___ Available data ___
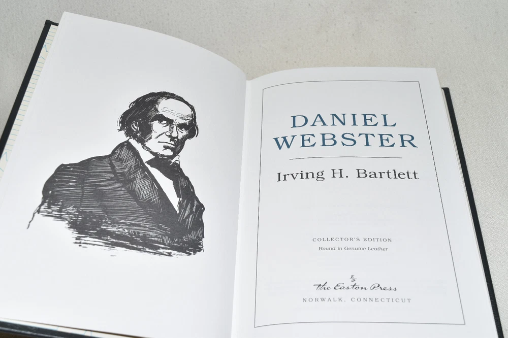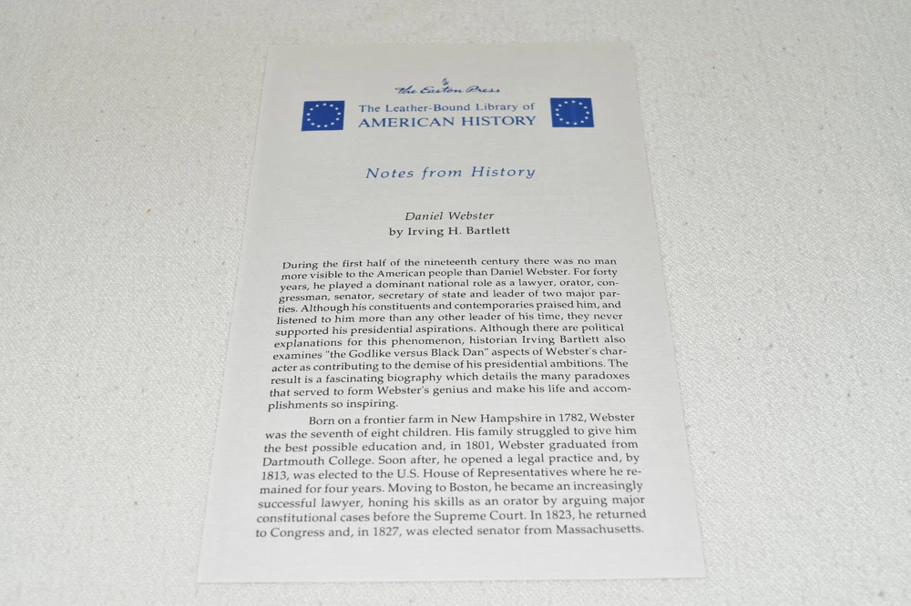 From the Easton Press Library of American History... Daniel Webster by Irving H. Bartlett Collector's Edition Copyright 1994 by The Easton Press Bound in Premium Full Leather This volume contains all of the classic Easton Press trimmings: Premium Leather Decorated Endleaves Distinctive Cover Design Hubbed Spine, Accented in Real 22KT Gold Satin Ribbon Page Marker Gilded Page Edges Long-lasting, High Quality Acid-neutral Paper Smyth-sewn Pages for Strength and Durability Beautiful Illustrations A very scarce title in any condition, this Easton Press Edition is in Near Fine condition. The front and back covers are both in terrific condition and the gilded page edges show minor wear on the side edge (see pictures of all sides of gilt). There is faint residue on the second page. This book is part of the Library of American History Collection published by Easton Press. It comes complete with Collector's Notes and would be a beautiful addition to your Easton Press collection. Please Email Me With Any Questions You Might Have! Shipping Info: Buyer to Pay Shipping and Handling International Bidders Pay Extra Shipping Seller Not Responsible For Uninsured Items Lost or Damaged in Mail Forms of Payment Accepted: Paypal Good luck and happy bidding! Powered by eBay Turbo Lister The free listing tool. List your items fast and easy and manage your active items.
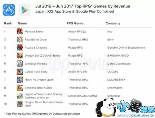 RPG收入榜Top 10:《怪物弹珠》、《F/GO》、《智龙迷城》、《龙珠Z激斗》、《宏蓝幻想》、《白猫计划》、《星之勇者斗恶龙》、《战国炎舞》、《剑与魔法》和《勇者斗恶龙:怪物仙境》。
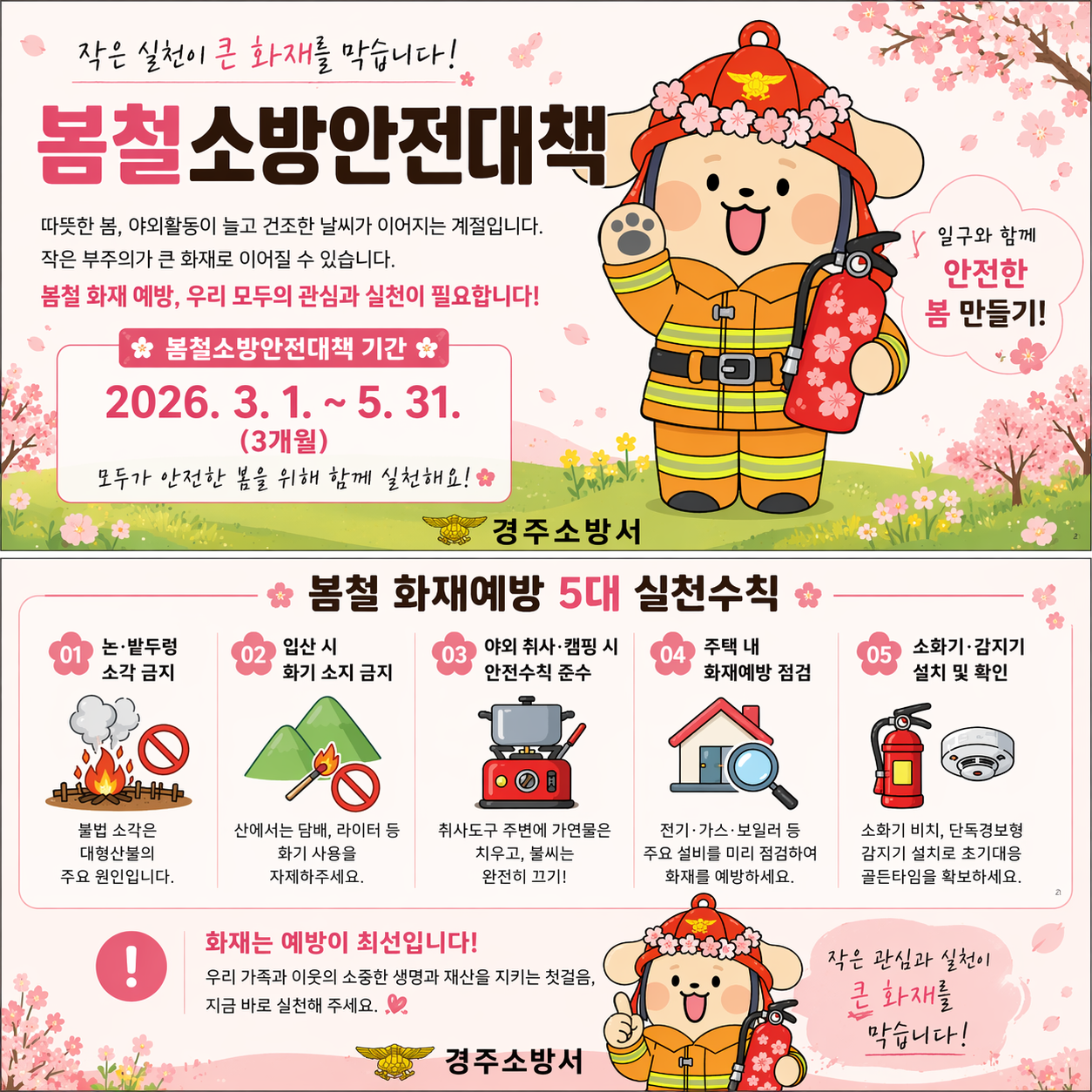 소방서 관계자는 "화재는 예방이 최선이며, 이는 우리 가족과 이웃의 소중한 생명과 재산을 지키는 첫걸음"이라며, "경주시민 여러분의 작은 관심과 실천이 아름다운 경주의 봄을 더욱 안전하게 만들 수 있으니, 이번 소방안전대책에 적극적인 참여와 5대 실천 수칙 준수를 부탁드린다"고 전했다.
___
___ Available data ___
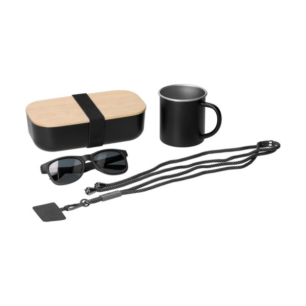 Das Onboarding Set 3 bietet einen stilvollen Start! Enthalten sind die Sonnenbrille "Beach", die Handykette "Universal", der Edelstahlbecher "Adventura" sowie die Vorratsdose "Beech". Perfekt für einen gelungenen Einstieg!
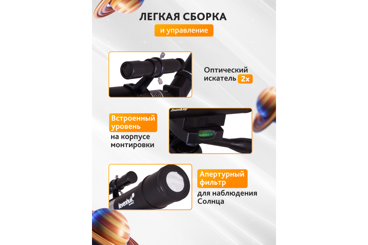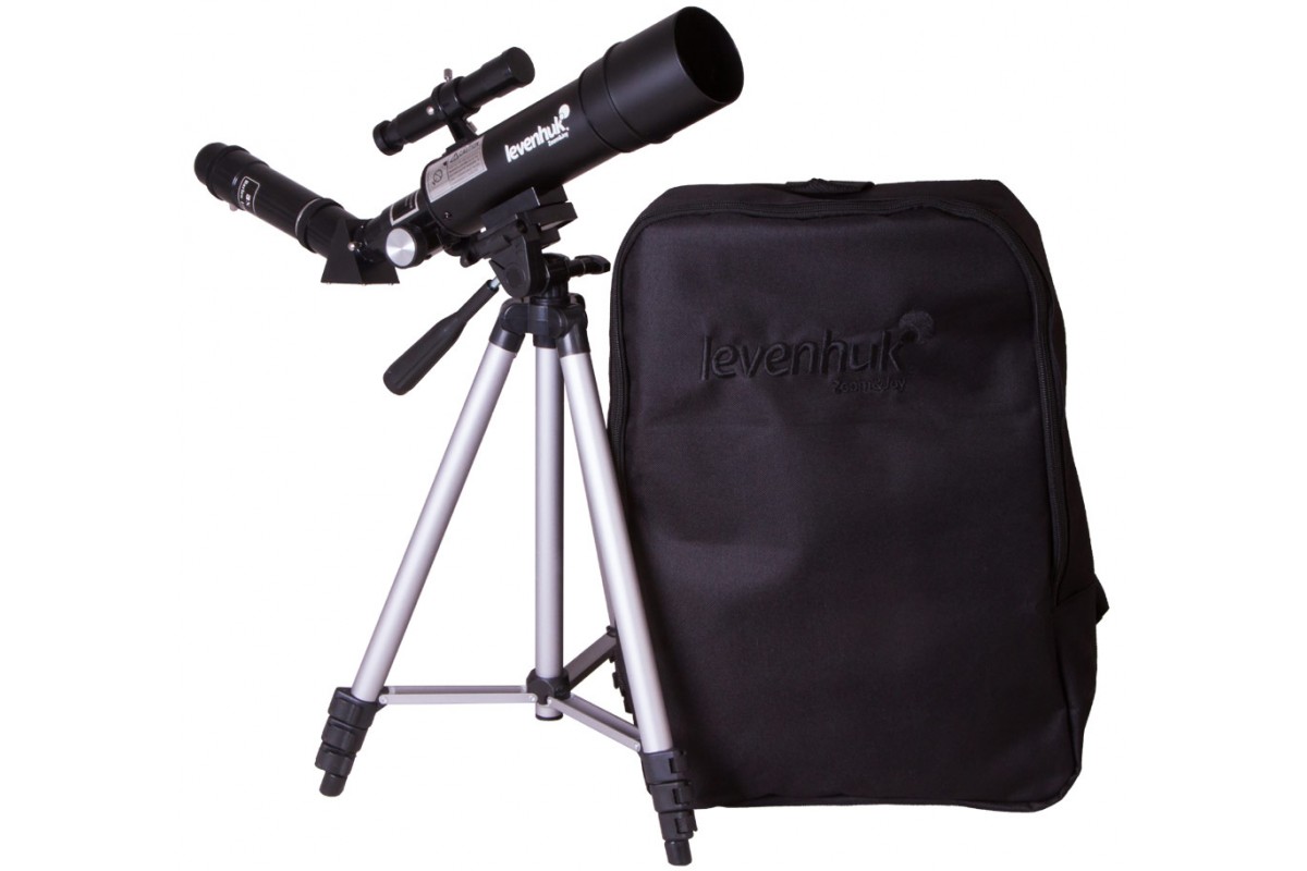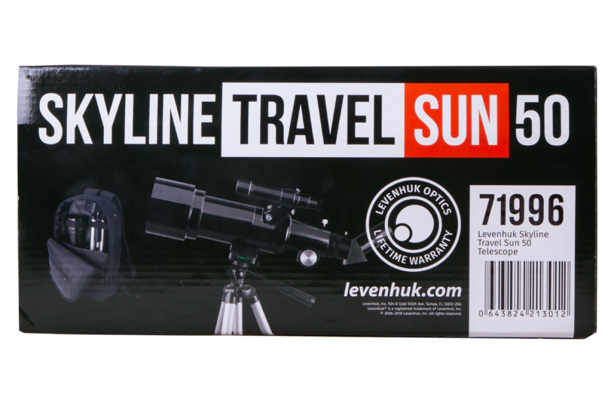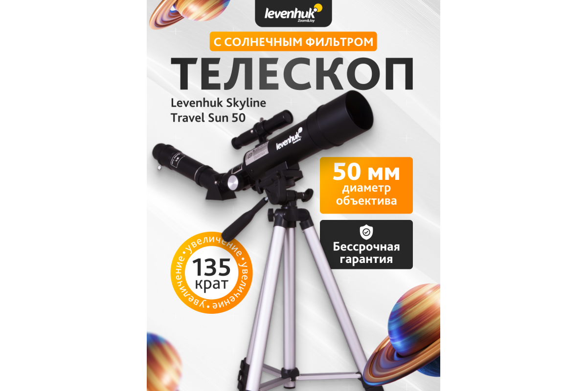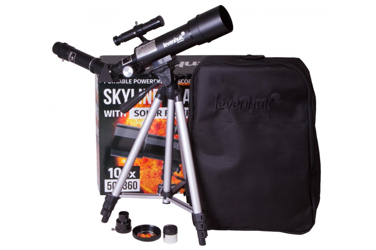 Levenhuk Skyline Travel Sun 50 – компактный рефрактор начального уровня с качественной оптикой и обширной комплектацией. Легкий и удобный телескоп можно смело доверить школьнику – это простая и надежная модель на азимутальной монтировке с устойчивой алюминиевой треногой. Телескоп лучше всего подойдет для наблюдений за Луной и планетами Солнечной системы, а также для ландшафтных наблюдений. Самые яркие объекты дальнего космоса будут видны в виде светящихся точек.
___
Exercise:
Could you transcribe exactly the entries above, but only the lines from the one with "RPG收入榜Top 10:《" through the one with "예방이 최선이며, 이는", and without pictures?

Answer for this exercise:
 RPG收入榜Top 10:《怪物弹珠》、《F/GO》、《智龙迷城》、《龙珠Z激斗》、《宏蓝幻想》、《白猫计划》、《星之勇者斗恶龙》、《战国炎舞》、《剑与魔法》和《勇者斗恶龙:怪物仙境》。
 소방서 관계자는 "화재는 예방이 최선이며, 이는 우리 가족과 이웃의 소중한 생명과 재산을 지키는 첫걸음"이라며, "경주시민 여러분의 작은 관심과 실천이 아름다운 경주의 봄을 더욱 안전하게 만들 수 있으니, 이번 소방안전대책에 적극적인 참여와 5대 실천 수칙 준수를 부탁드린다"고 전했다.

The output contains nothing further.